# [The data]
※ ※ ※
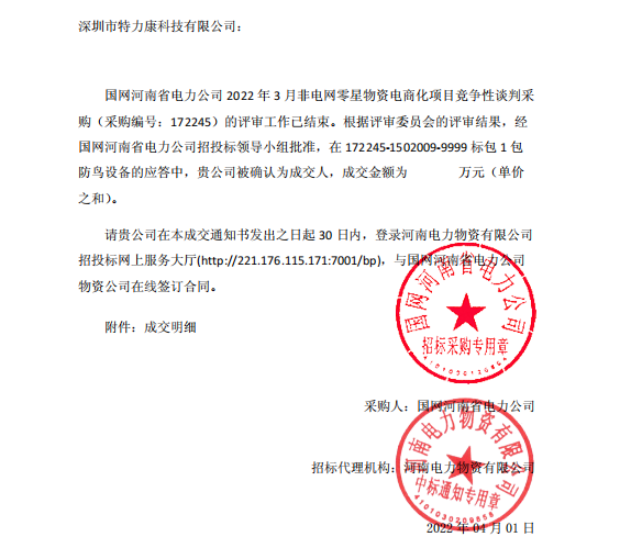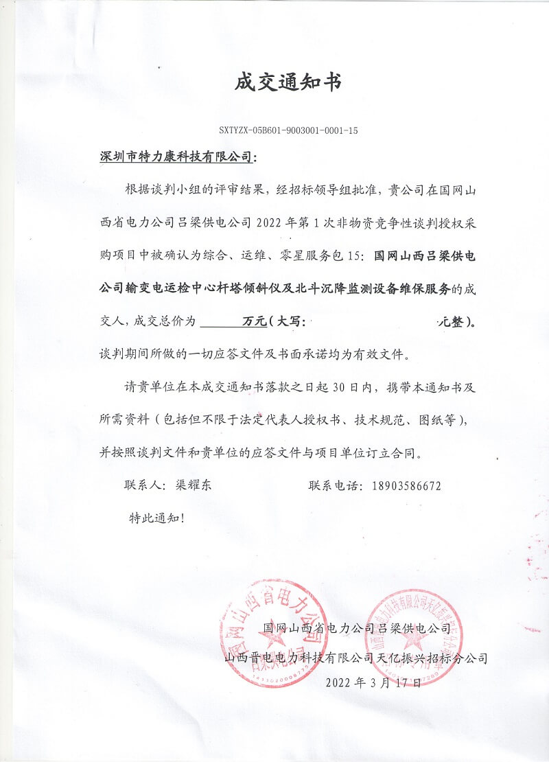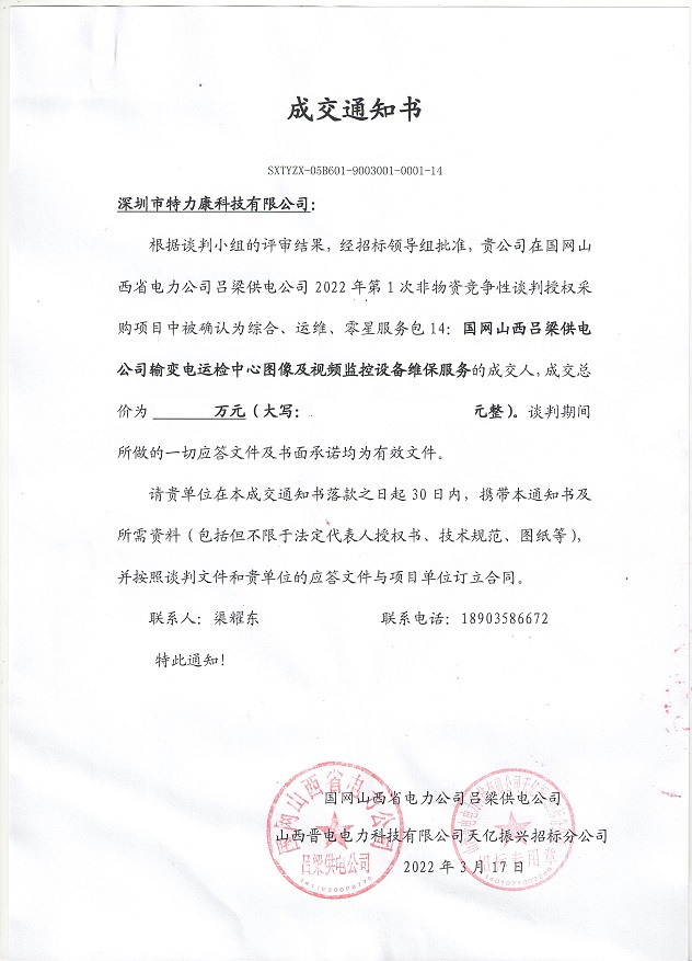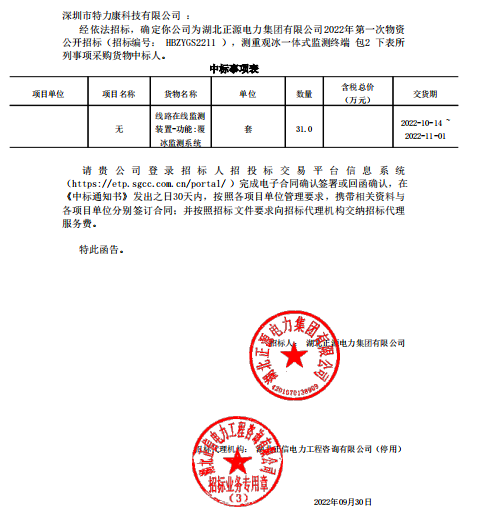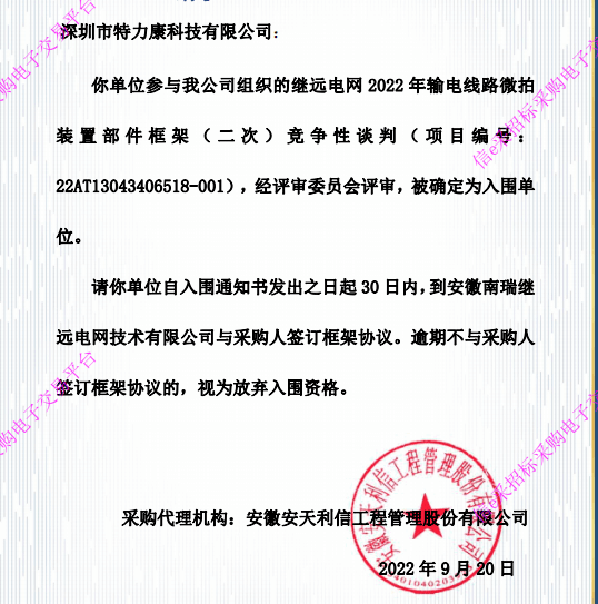 特力康中標國網黑龍江送變電工程公司的2024年度第18次物資類競爭性談判采購項目——慶陽驅鳥器物資框 特力康中標國網甘肅省電力公司省管產業單位2024年第五次物資競爭性談判授權采購項目 中標喜訊:深圳市特力康科技有限公司成功入圍許繼集團綜合能源公司輸電線路視頻在線監測裝置模塊集采項目 中標喜訊:特力康成功中標國網重慶市電力公司渝中一片區項目 特力康成功中標國網天津市電力公司2024年第二次?物?資招標項目 特力康中標國網安徽省電力有限公司蕪湖供電公司2024年3月非物質采購項目 特力康輸電線路智能AI多目監控裝置+傾斜監測守護山西輸電生命線 鄂網“全景眼”:特力康一體化視頻監控系統守護輸電線路 山東電網 “穩塔哨兵”:特力康智能桿塔傾斜監測預警裝置筑牢電力桿塔安全防線 特力康科技輸電線路高清圖像監控裝置,為河南輸電通道筑牢安全屏障 黃土高原護塔穩:特力康傾斜監測裝置為山西電網筑牢根基 黔山冰防線:特力康 “數據 + 圖像” 雙監測守護貴州輸電線路 戈壁林區的 “火情哨兵”:特力康紅外熱成像裝置守護甘肅輸電線路 內蒙電網裝上 “舞動監測眼”:特力康輸電線路防舞動監測系統守護線路安全 寧夏配電線路安裝了我司防外破電子化智能警示牌
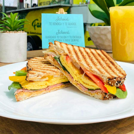 Pan multigrano, dos huevos, jamón de pavo, queso manchego, espinaca y pimientos.
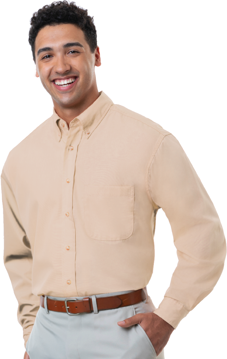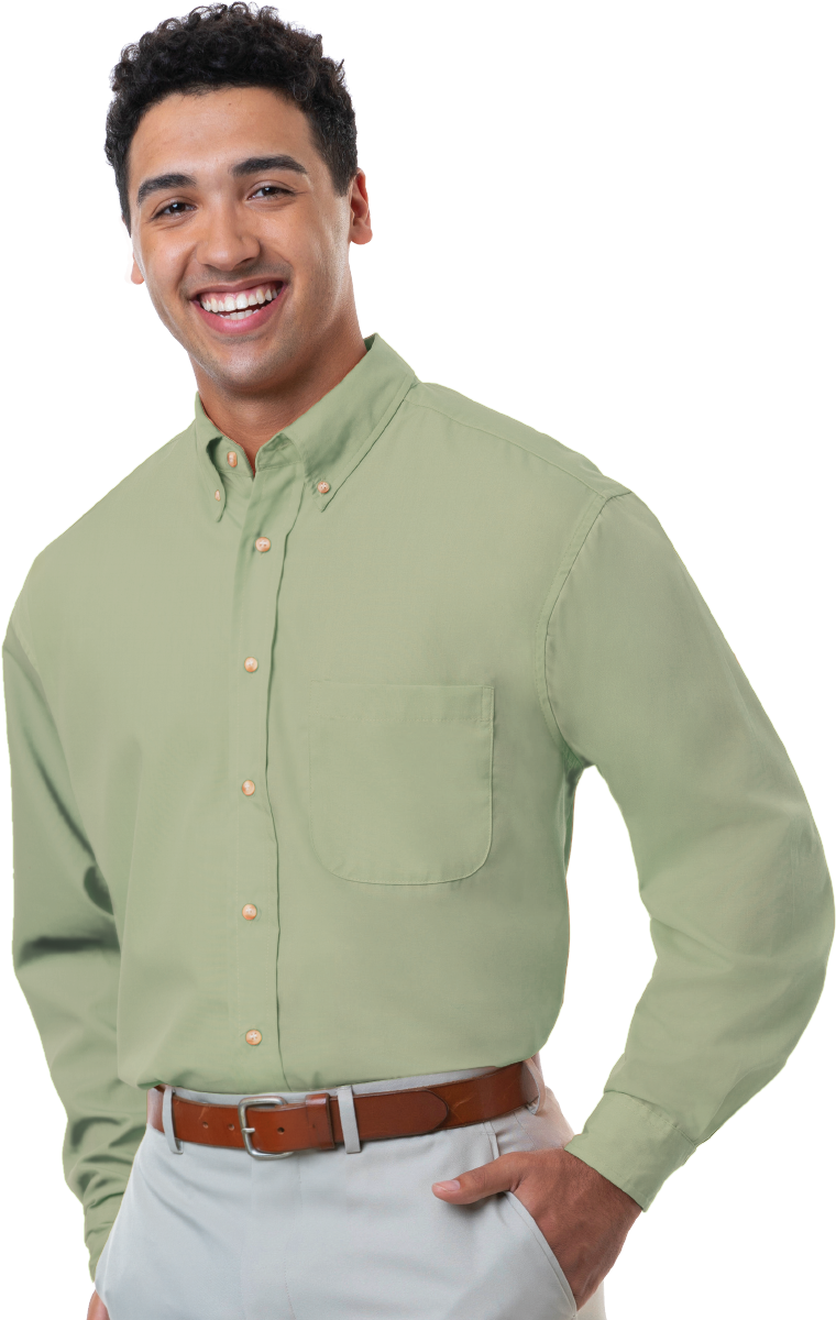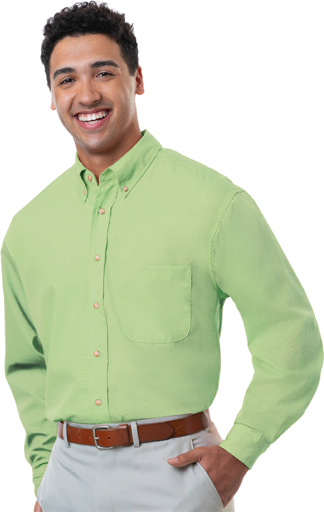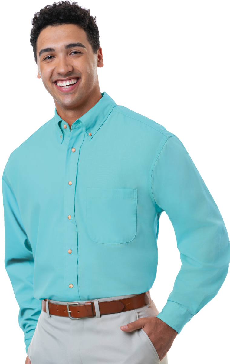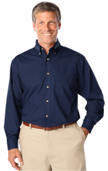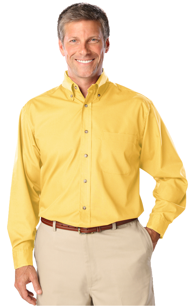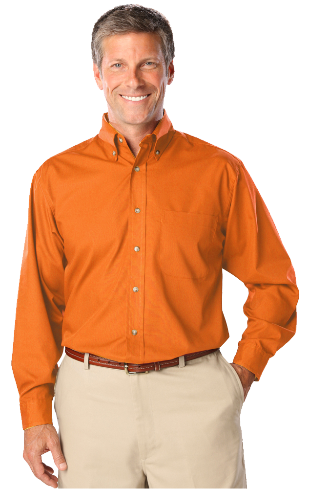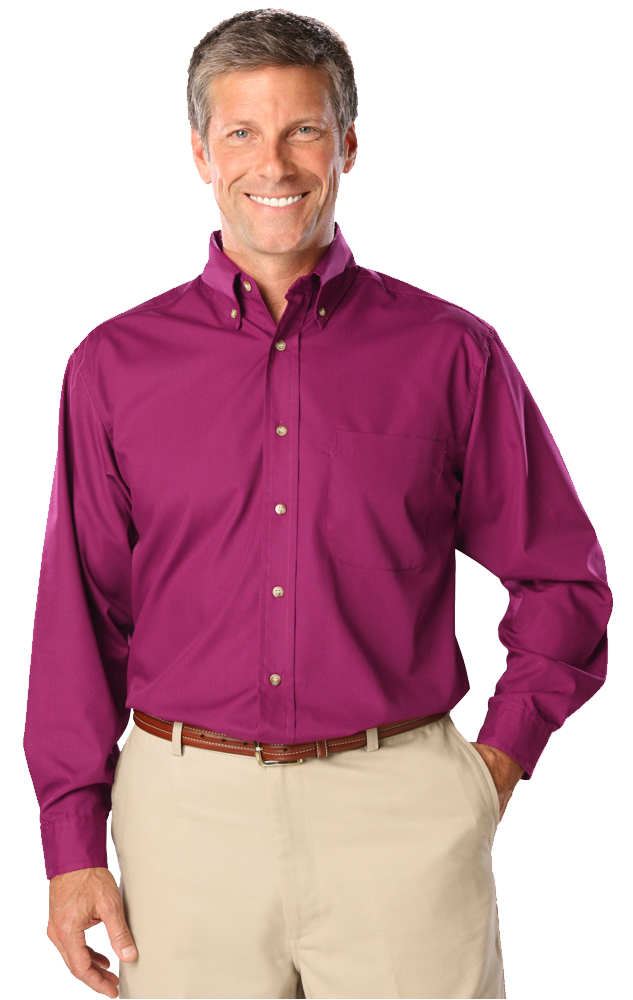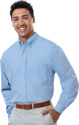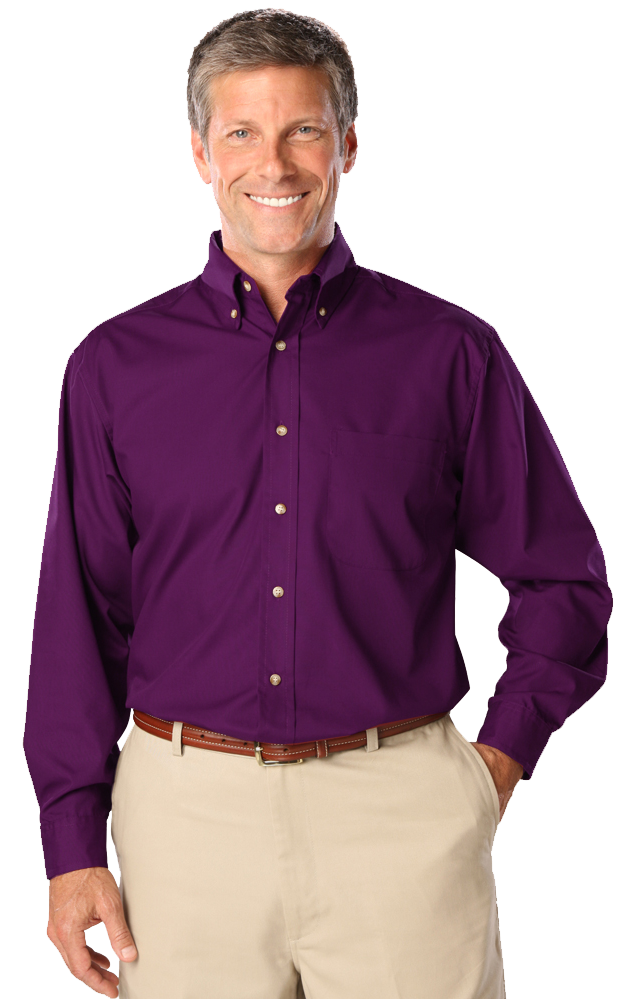 This shirt will definitely pop! Made of a 65% polyester/35% cotton blend, this easy-care and lightweight 5.5 oz. men's long-sleeve poplin shirt has stain-release technology and is also wrinkle/crease resistant. It features a patch pocket, a double-back yoke, two side back pleats, bone-horn buttons and a button-down collar. It is available in several colors and sizes (S-10XL 7216T: LT-3XLT). Make a stylish addition to your formal wardrobe today!
※ ※ ※
# [About this exercise]
Drop the images; restate the listing exactly.

# [Expected output]
 特力康中標國網黑龍江送變電工程公司的2024年度第18次物資類競爭性談判采購項目——慶陽驅鳥器物資框 特力康中標國網甘肅省電力公司省管產業單位2024年第五次物資競爭性談判授權采購項目 中標喜訊:深圳市特力康科技有限公司成功入圍許繼集團綜合能源公司輸電線路視頻在線監測裝置模塊集采項目 中標喜訊:特力康成功中標國網重慶市電力公司渝中一片區項目 特力康成功中標國網天津市電力公司2024年第二次?物?資招標項目 特力康中標國網安徽省電力有限公司蕪湖供電公司2024年3月非物質采購項目 特力康輸電線路智能AI多目監控裝置+傾斜監測守護山西輸電生命線 鄂網“全景眼”:特力康一體化視頻監控系統守護輸電線路 山東電網 “穩塔哨兵”:特力康智能桿塔傾斜監測預警裝置筑牢電力桿塔安全防線 特力康科技輸電線路高清圖像監控裝置,為河南輸電通道筑牢安全屏障 黃土高原護塔穩:特力康傾斜監測裝置為山西電網筑牢根基 黔山冰防線:特力康 “數據 + 圖像” 雙監測守護貴州輸電線路 戈壁林區的 “火情哨兵”:特力康紅外熱成像裝置守護甘肅輸電線路 內蒙電網裝上 “舞動監測眼”:特力康輸電線路防舞動監測系統守護線路安全 寧夏配電線路安裝了我司防外破電子化智能警示牌
 Pan multigrano, dos huevos, jamón de pavo, queso manchego, espinaca y pimientos.
 This shirt will definitely pop! Made of a 65% polyester/35% cotton blend, this easy-care and lightweight 5.5 oz. men's long-sleeve poplin shirt has stain-release technology and is also wrinkle/crease resistant. It features a patch pocket, a double-back yoke, two side back pleats, bone-horn buttons and a button-down collar. It is available in several colors and sizes (S-10XL 7216T: LT-3XLT). Make a stylish addition to your formal wardrobe today!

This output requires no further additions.